■ TASK DIRECTIONS
Please reproduce all of the data exactly as it appears, but skip the pictures.
───── RAW DATA
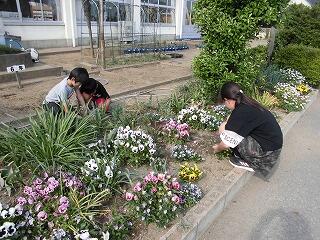 本日、昼休みに、環境委員会の子どもたちとボランティアさんで、花壇の整備を行いました。花壇を耕しながら、チューリップや水仙の球根を取り出したり、草を抜いたりしました。作業が終わると、全身汗でびっしょりでした。明日は、肥料入れと、花植えです。ボランティアさんには、またお世話になります。どうぞ宜しくお願いします。
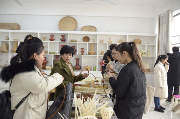 在学校非遗教育传习基地,负责人张晋介绍了学校非遗社团及社会培训方面的工作开展情况。师生们观看了竹编、剪纸、彩陶以及渔鼓等社团的活动情况,大家被传承人精湛的技艺所震撼,为他们的工匠精神喝彩。
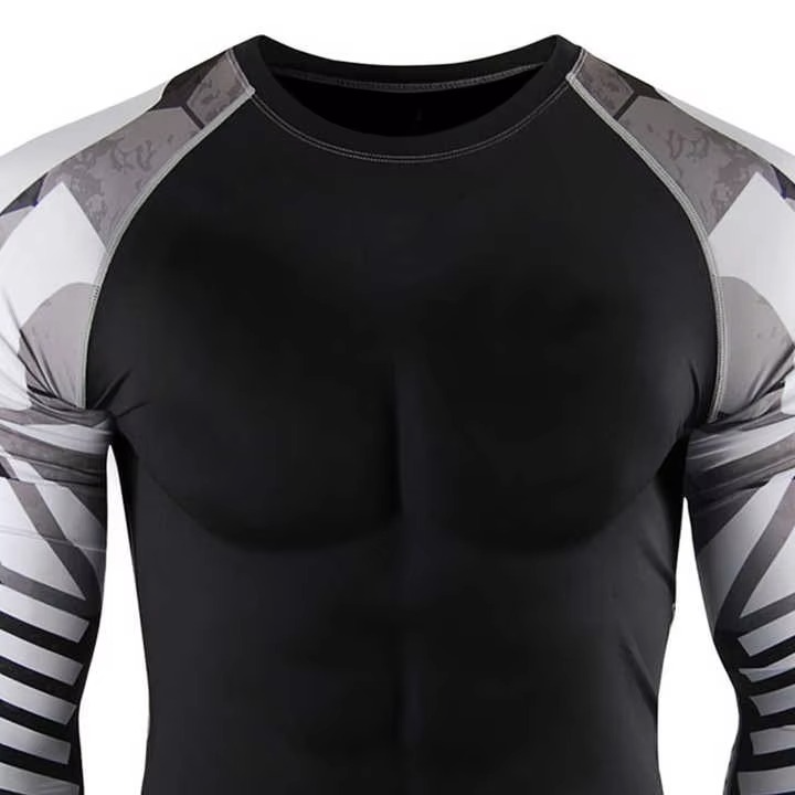 เสื้อรัดรูป100% ของผู้ชายเสื้อวอร์มแบบซับลิเมชันพิมพ์ลาย
──────────
■ RESPONSE
 本日、昼休みに、環境委員会の子どもたちとボランティアさんで、花壇の整備を行いました。花壇を耕しながら、チューリップや水仙の球根を取り出したり、草を抜いたりしました。作業が終わると、全身汗でびっしょりでした。明日は、肥料入れと、花植えです。ボランティアさんには、またお世話になります。どうぞ宜しくお願いします。
 在学校非遗教育传习基地,负责人张晋介绍了学校非遗社团及社会培训方面的工作开展情况。师生们观看了竹编、剪纸、彩陶以及渔鼓等社团的活动情况,大家被传承人精湛的技艺所震撼,为他们的工匠精神喝彩。
 เสื้อรัดรูป100% ของผู้ชายเสื้อวอร์มแบบซับลิเมชันพิมพ์ลาย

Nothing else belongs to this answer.